Fisher J B (1981) Wound healing by exposed secondary xylem in Adansonia (Bombacaceae). IAWA Bulletin, 2(4): 193-199.
After large branches of Adansonia digitata were transversely cut, the entire surface of secondary xylem and pith responded by producing wound tissue. Eight days after cutting, the surface 1-3 cm of xylem cells died and xylem parenchyma cells beneath expanded, divided, and deposited tannin-like compounds. After 56 days, xylem and pith parenchyma, especially the wide zones of terminal parenchyma, proliferated further as did the exposed cambial zone. Transversely cut roots showed more proliferation than stems. A new cambium regenerated across the xylem surface of the proliferation of root xylem (i.e. a callus).
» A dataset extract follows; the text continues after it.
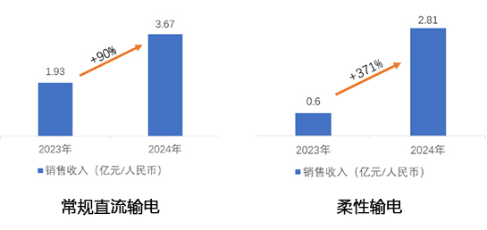 取得如此出色的成绩,主要源于自2023年起常规直流输电和柔性输电开启新一轮的投资建设,并于2024年开始批量交付。在常规直流领域,金上-湖北、哈密-重庆、宁夏-湖南三大“西电东送”工程相继高质量交付;在柔直输电领域,交付了德国BorWin6、阳江青州、华能玉环等多个海上风电柔性输电工程,以及四川、西藏SVG构网项目。此外,沙特中南柔直、甘肃-浙江特高压柔直陆续启动,以及十余个直流输电工程正有序推进前期工作,将为本集团业务规模的长期、快速提升带来极佳的助力。

Large branches (approx. 16-21 yr old at the time of cutting) continued to produce an uninterrupted surface zone of wound parenchyma, similar in structure to normal bark, derived from pith, ray and axial parenchyma. A thin surface periderm covered the wound tissue, and a wound cambium was not formed 15 yr after wounding. The proliferation of aged parenchyma cells in response to wounding is related to normal wood structure in the Bombacaceae. However, a similar response to branch cutting was not observed in two other species of this family. From author's summary.
Heel W A van (1974) On dichotomy, with special reference to the funicles of the ovules of Adansonia. Proceedings, Koninklijke Nederlandse Akademie van Wetenschappen, 77: 321-337.
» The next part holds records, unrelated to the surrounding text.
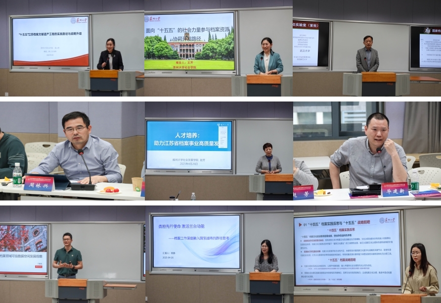 4月25日至26日,江苏档案事业发展规划学术研讨会暨2025年江苏省档案学会档案基础理论专委会会议在苏州大学独墅湖校区举行。本次研讨会由江苏省档案学会、苏州大学社会学院主办,《档案与建设》编辑部、苏州大学社会学院档案与电子政务系、江苏省档案学会基础理论专委会承办,主要围绕“从‘十四五’到‘十五五’:江苏档案事业的传承、变革与跃升”这一主题展开深入研讨。
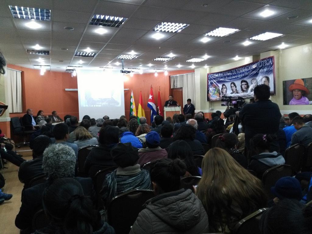 Organizado por el Comité 90 Años de Fidel, la Escuela de Formación Política y la Embajada de Cuba, con el apoyo del MINSA, el acto tuvo como oradores al destacado historiador y profesor Dr. José Roberto Arze; la ministra de Salud, Ariana Campero; y el vicetitular de la Presidencia para la Coordinación con los Movimientos Sociales, Alfredo Rada.
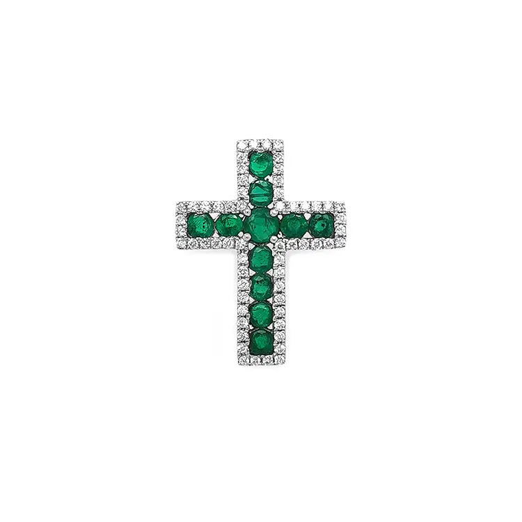 Gold-Anhänger Kreuz mit Smaragden und Diamanten
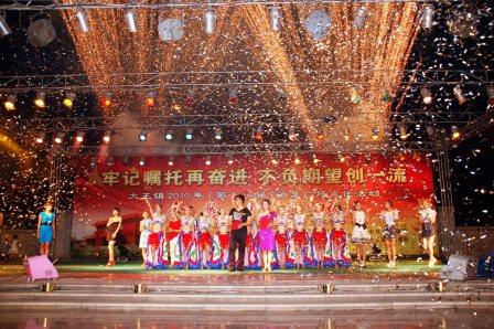 7月22日晚,公司在大王鎮(zhèn)文化廣場(chǎng)舉行了“金嶺專(zhuān)場(chǎng)”消夏文藝演出,為鎮(zhèn)區(qū)人民獻(xiàn)上了一道豐富的文化盛宴。晚會(huì)現(xiàn)場(chǎng)歌聲悠揚(yáng)、舞姿翩躚,精彩的文藝節(jié)目令前來(lái)消夏的人們目不暇接。主持人活潑的主持風(fēng)格和演員們時(shí)尚動(dòng)感的演出使現(xiàn)場(chǎng)觀眾喝彩聲、掌聲不斷。晚會(huì)在帶給觀眾愉悅、舒暢心情的同時(shí),借機(jī)對(duì)公司進(jìn)行了大力宣傳。

Analyses the morphology of the gynoeceum of A. digitata with special reference to the funicles of the ovules, which exhibit repeated dichotomous branching, and discusses various characters dinstinguishing the genus Adansonia from the genus Bombax, suggesting the erection of a subfamily Adansonieae.
Rashford J (1994) Africa's Baobab tree: Why monkey names? Journal of Ethnobiology, 14(2): 173-183
Monkey bread and monkey tamarind are two of the common names that appear in published accounts of Africa's well-known baobab tree (Adansonia digitata L.). These monkey names are generally assumed to be derived from the simple fact that monkeys eat the baobab's fruit. Although this literal interpretation seems obvious, it is neither the only one, nor is it necessarily the correct one. In the Caribbean, the use of monkey in the compound common names for the baobab and other plants implies imitation. The name monkey tamarind, for example, indicates that the baobab is like the tamarind tree (Tamarindus indica L.). It mimics the tamarind just as a monkey does a human. This is consistent with what we find in other parts of the world where the baobab is also identified as a kind of tamarind, though without the name monkey.
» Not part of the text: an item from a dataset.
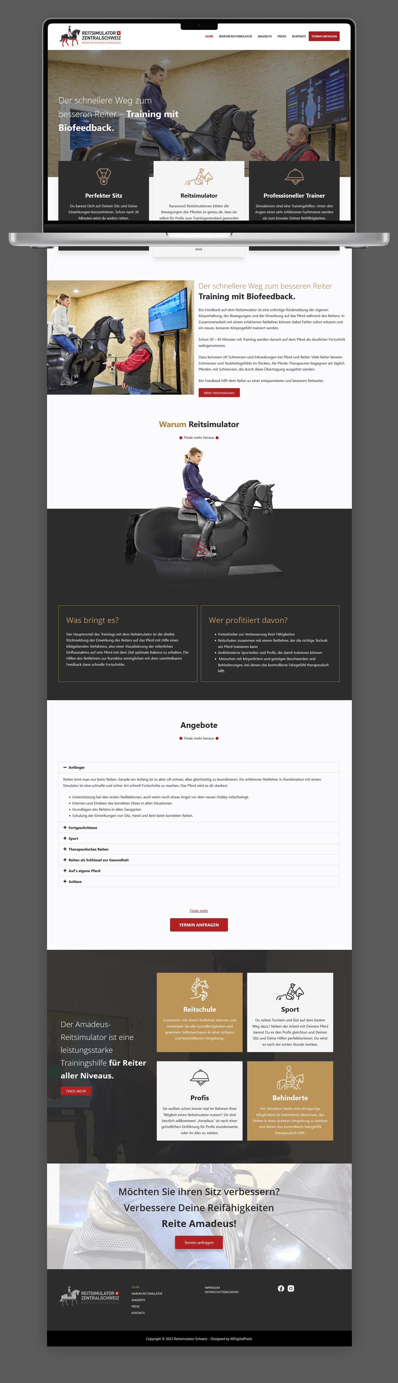 I had the pleasure of working on the website design and development for Reitsimulator Zentralschweiz, a leading provider of advanced horse riding simulator training in Central Switzerland. The goal was to create a user-friendly, professional online presence that reflects the cutting-edge technology and personalized training experience they offer to both novice and professional riders.

Yazzie D, VanderJagt D J, Pastuszyn A, Okolo A and Glew R H (1994) The amino acid and mineral content of baobab (Adansonia digitata L.) leaves. Journal of Food Composition and Analysis, 7(3): 189-193
Baobab (Adansonia digitata) leaf contained 10.6% (dry weight) protein and an amino acid composition which compared favourably to that of an "ideal" protein: valine (5.9%), phenylalanine + tyrosine (9.6%), isoleucine (6.3%), lysine (5.7%), arginine (8.5%), threonine (3.9%), cysteine + methionine (4.8%) and tryptophan (1.5%). In terms of mineral content, baobab leaf was an excellent source of calcium, iron, potassium, magnesium, manganese, molybdenum, phosphorus and zinc. The data indicate that quantitatively and qualitatively baobab leaf can serve as a significant protein and mineral source for populations such as the Hausa group and other ethnic populations in Africa for whom it is a staple food.